→ What the task asks: Return, verbatim and in full, the records that follow, but not their pictures.

→ Data section:
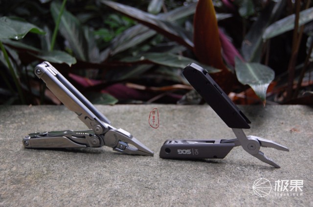 钳头连接轴有隐藏式弹性设计,平稳无松动,开合省力,夹持或固定加工件时,可以轻轻松松实现单手操作,从对比图片能够准确的看出自然放置下Q4多功能钳因弹性而处于张开状态,对于手小的女生而言单手操作会有点困难。
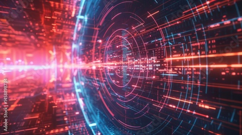 Obraz premium Digital shield with tech lines around it
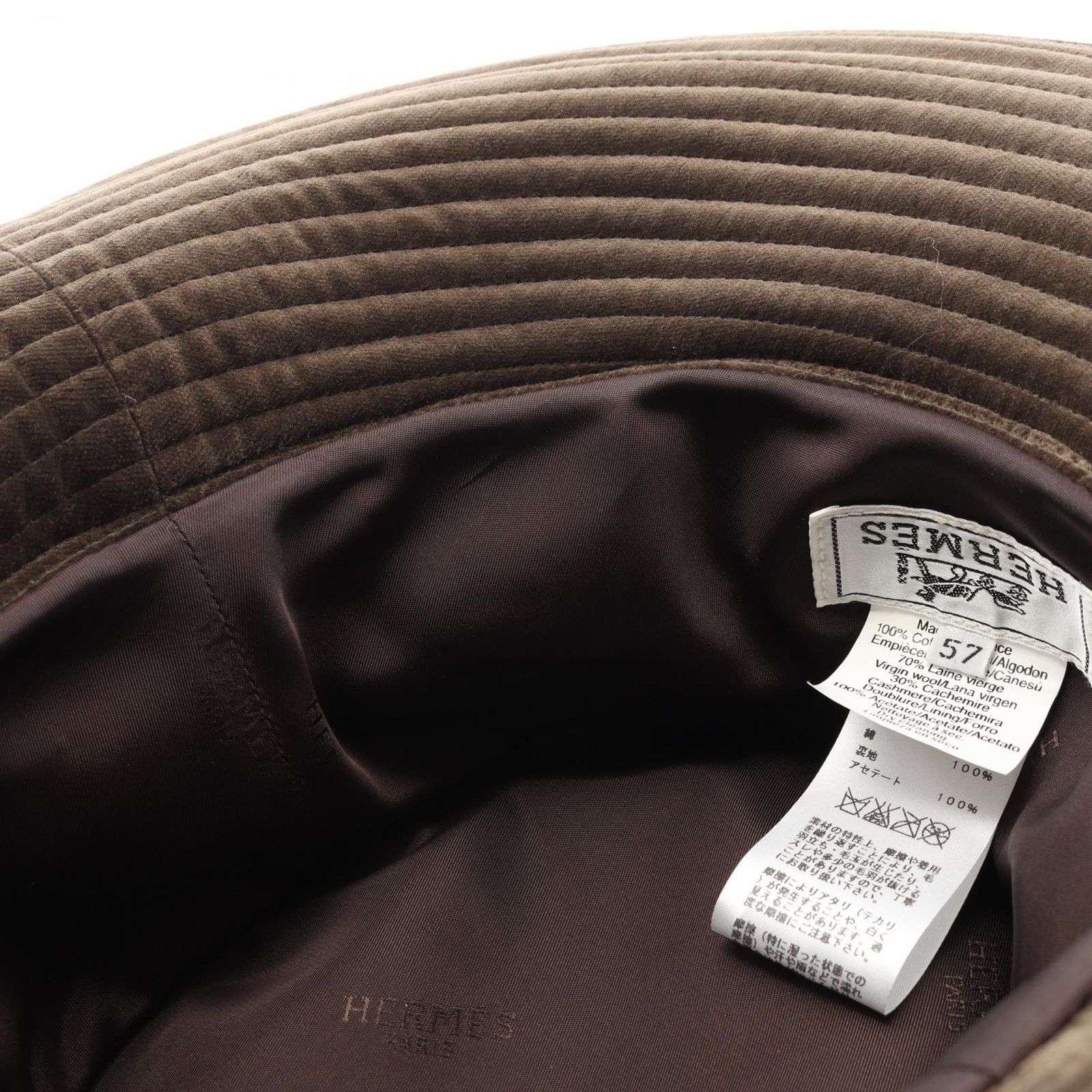 HERMES エルメス ウール カシミヤ混 裏地ロゴ総柄 ベロア切替 帽子 ハット グレー カーキ 57 フランス製 レディース
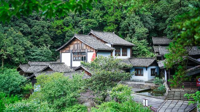 杭州过去,走彩虹高速路再上高速,到龙门古镇大概在40分钟左右,非常近。
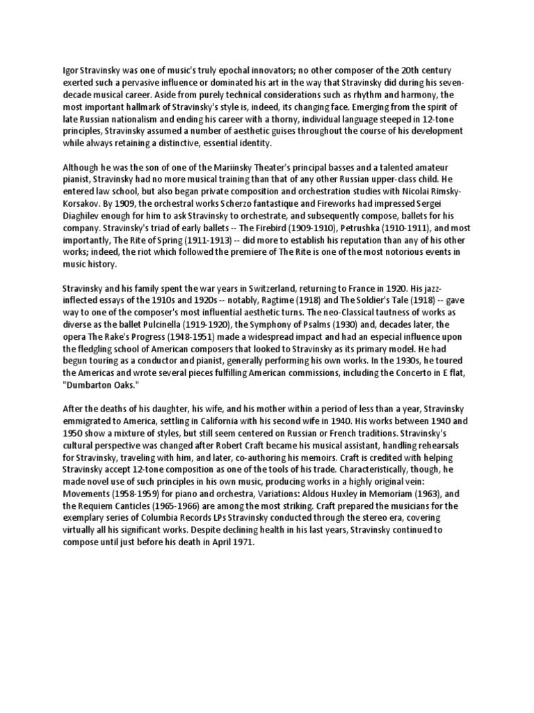 virtually all his significant works. Despite declining health in his last years, Stravinsky continued to
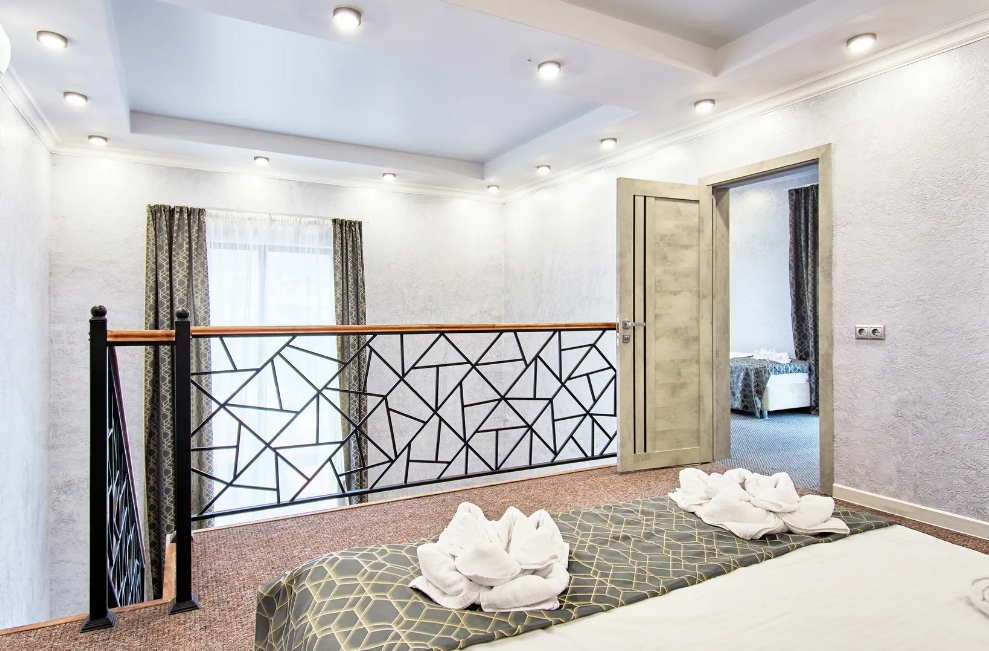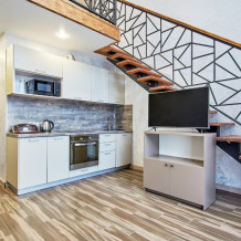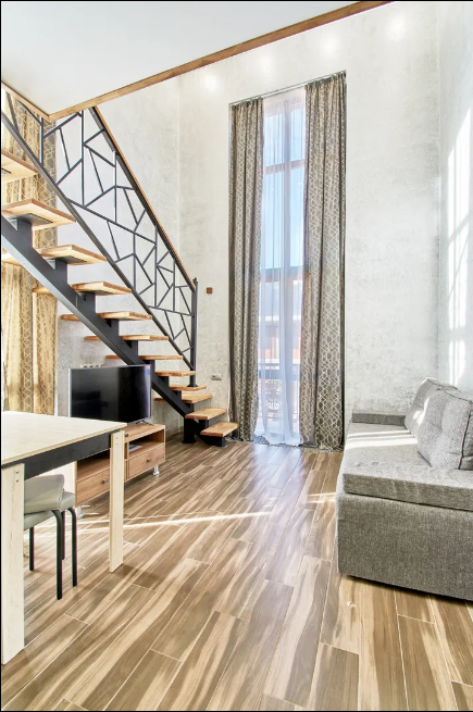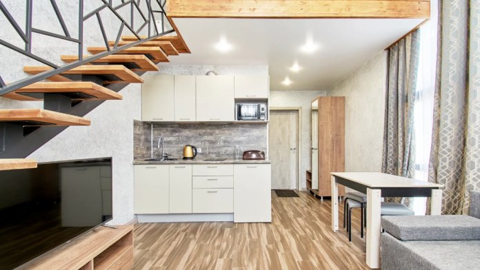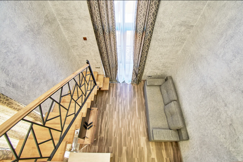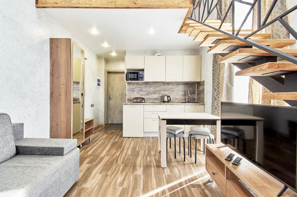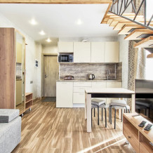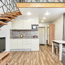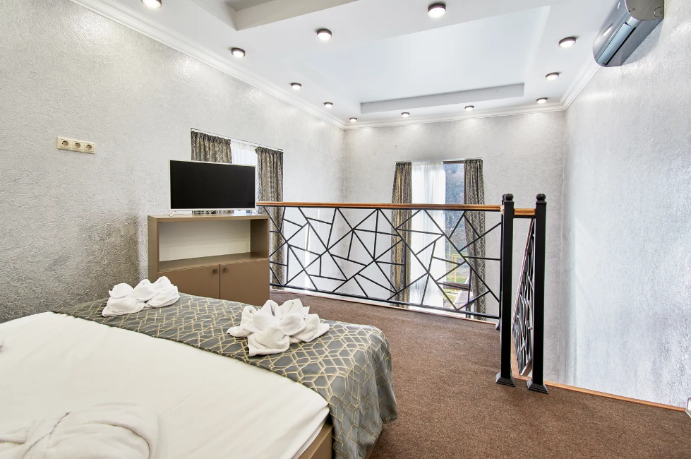 Двухуровневые апартаменты с двуспальной кроватью и балконом с видом на горы. В Апартаментах всё необходимое для комфортного проживания: две односпальные кровати, раскладной диван, два телевизора, Wi-Fi, кухня с микроволновой печью, индукционной варочной плитой, электро-чайником и холодильником, душ, туалет, фен, диван, шкаф.
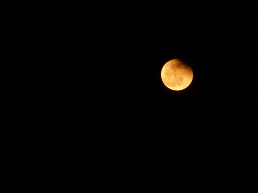 昨晚下班時,我乍見那抹呈現橘紅色的月,震攝之餘,路旁成了我的攝影棚。
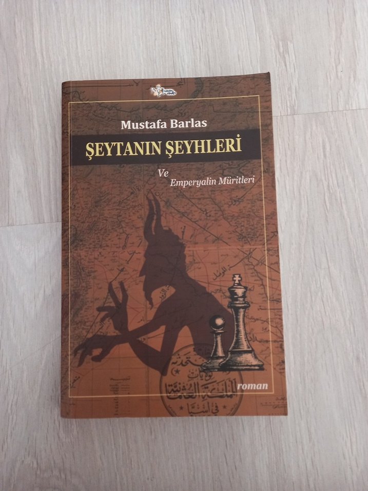 Mustafa Barlas'ın Şeytanın Şeyhleri ve Emperyalin Mürütleri temalarını işleyen mitoloji kitabı. Kapakta satranç taşları ve gölge figürler var.
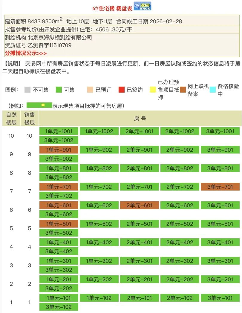6#,共计54套128㎡户型的房源,目前仅有6套网上联机备案。
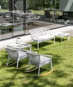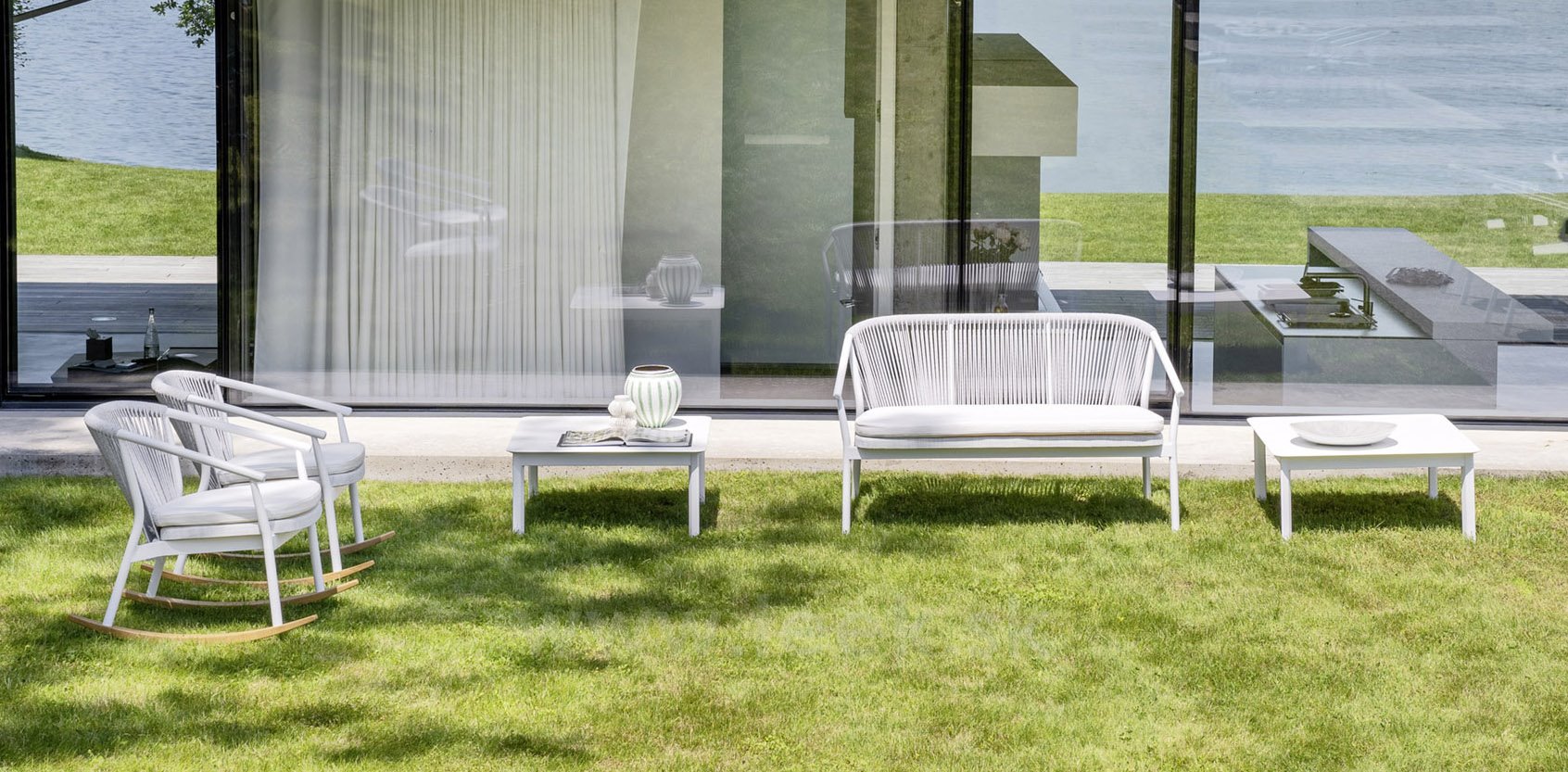 Rámy sedacieho nábytku sú vyrobené z hliníka, operadlo je vyrobené z drôteného výpletu a sedadlo je vyrobené z textilu.
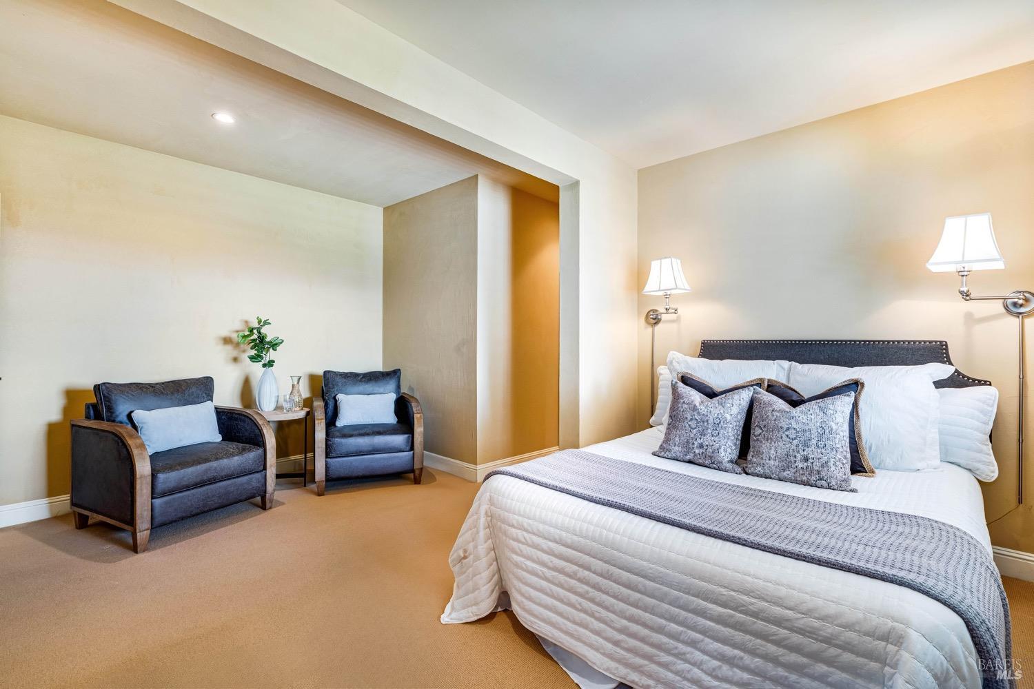 Unlock exceptional value with new pricing and a complimentary Silverado Club Membership transfer for purchases made before year-end. This refined 4-bed, 3-bath contemporary Mediterranean home, set at the end of a serene cul-de-sac in the coveted Silverado community, offers sweeping valley vistas and timeless architectural character. Vaulted ceilings, exposed wood beams, plaster walls, two wood-burning fireplaces, custom window seats, and abundant natural light create an atmosphere of understated elegance. The expansive kitchen and open family room flow seamlessly to a stunning deck overlooking Napa Valley, where views extend to the Mayacamasan idyllic setting for savoring morning coffee as hot-air balloons drift past or enjoying wine at sunset. Three generous bedrooms grace the main level, while a private lower-level suite provides an ideal guest enclave or dedicated home office. Designed for effortless indoor-outdoor living, the home is framed by inviting terraces and beautifully tended gardens. More than a residence, it is an entre to the Silverado lifestyle: championship golf (home to the ProCore Championship), tennis and pickleball, swimming pools, a full-service spa, fine dining, and proximity to world-class wineries and downtown Napa's vibrant shopping + culinary scene!
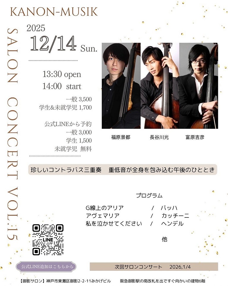 コントラバスや低音楽器で「ジャンルを超えた魅力」「低音の奏でる音の魅力」「私自身が奏でる魅力」を感じていただき、皆様に楽しんで頂ける様、日々努力しております。
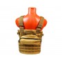 Состоит из трёх частей – передней панели и задней панелей, соединяющихся поясом-камербандом. По всей площади жилета нашиты стропы «молле» для крепления подсумков. 1 утилитарный подсумок, подсумок под 3 магазина и 1 подсумок под радиостанцию.

→ Exercise solution:
 钳头连接轴有隐藏式弹性设计,平稳无松动,开合省力,夹持或固定加工件时,可以轻轻松松实现单手操作,从对比图片能够准确的看出自然放置下Q4多功能钳因弹性而处于张开状态,对于手小的女生而言单手操作会有点困难。
 Obraz premium Digital shield with tech lines around it
 HERMES エルメス ウール カシミヤ混 裏地ロゴ総柄 ベロア切替 帽子 ハット グレー カーキ 57 フランス製 レディース
 杭州过去,走彩虹高速路再上高速,到龙门古镇大概在40分钟左右,非常近。
 virtually all his significant works. Despite declining health in his last years, Stravinsky continued to
 Двухуровневые апартаменты с двуспальной кроватью и балконом с видом на горы. В Апартаментах всё необходимое для комфортного проживания: две односпальные кровати, раскладной диван, два телевизора, Wi-Fi, кухня с микроволновой печью, индукционной варочной плитой, электро-чайником и холодильником, душ, туалет, фен, диван, шкаф.
 昨晚下班時,我乍見那抹呈現橘紅色的月,震攝之餘,路旁成了我的攝影棚。
 Mustafa Barlas'ın Şeytanın Şeyhleri ve Emperyalin Mürütleri temalarını işleyen mitoloji kitabı. Kapakta satranç taşları ve gölge figürler var.
6#,共计54套128㎡户型的房源,目前仅有6套网上联机备案。
 Rámy sedacieho nábytku sú vyrobené z hliníka, operadlo je vyrobené z drôteného výpletu a sedadlo je vyrobené z textilu.
 Unlock exceptional value with new pricing and a complimentary Silverado Club Membership transfer for purchases made before year-end. This refined 4-bed, 3-bath contemporary Mediterranean home, set at the end of a serene cul-de-sac in the coveted Silverado community, offers sweeping valley vistas and timeless architectural character. Vaulted ceilings, exposed wood beams, plaster walls, two wood-burning fireplaces, custom window seats, and abundant natural light create an atmosphere of understated elegance. The expansive kitchen and open family room flow seamlessly to a stunning deck overlooking Napa Valley, where views extend to the Mayacamasan idyllic setting for savoring morning coffee as hot-air balloons drift past or enjoying wine at sunset. Three generous bedrooms grace the main level, while a private lower-level suite provides an ideal guest enclave or dedicated home office. Designed for effortless indoor-outdoor living, the home is framed by inviting terraces and beautifully tended gardens. More than a residence, it is an entre to the Silverado lifestyle: championship golf (home to the ProCore Championship), tennis and pickleball, swimming pools, a full-service spa, fine dining, and proximity to world-class wineries and downtown Napa's vibrant shopping + culinary scene!
 コントラバスや低音楽器で「ジャンルを超えた魅力」「低音の奏でる音の魅力」「私自身が奏でる魅力」を感じていただき、皆様に楽しんで頂ける様、日々努力しております。
 Состоит из трёх частей – передней панели и задней панелей, соединяющихся поясом-камербандом. По всей площади жилета нашиты стропы «молле» для крепления подсумков. 1 утилитарный подсумок, подсумок под 3 магазина и 1 подсумок под радиостанцию.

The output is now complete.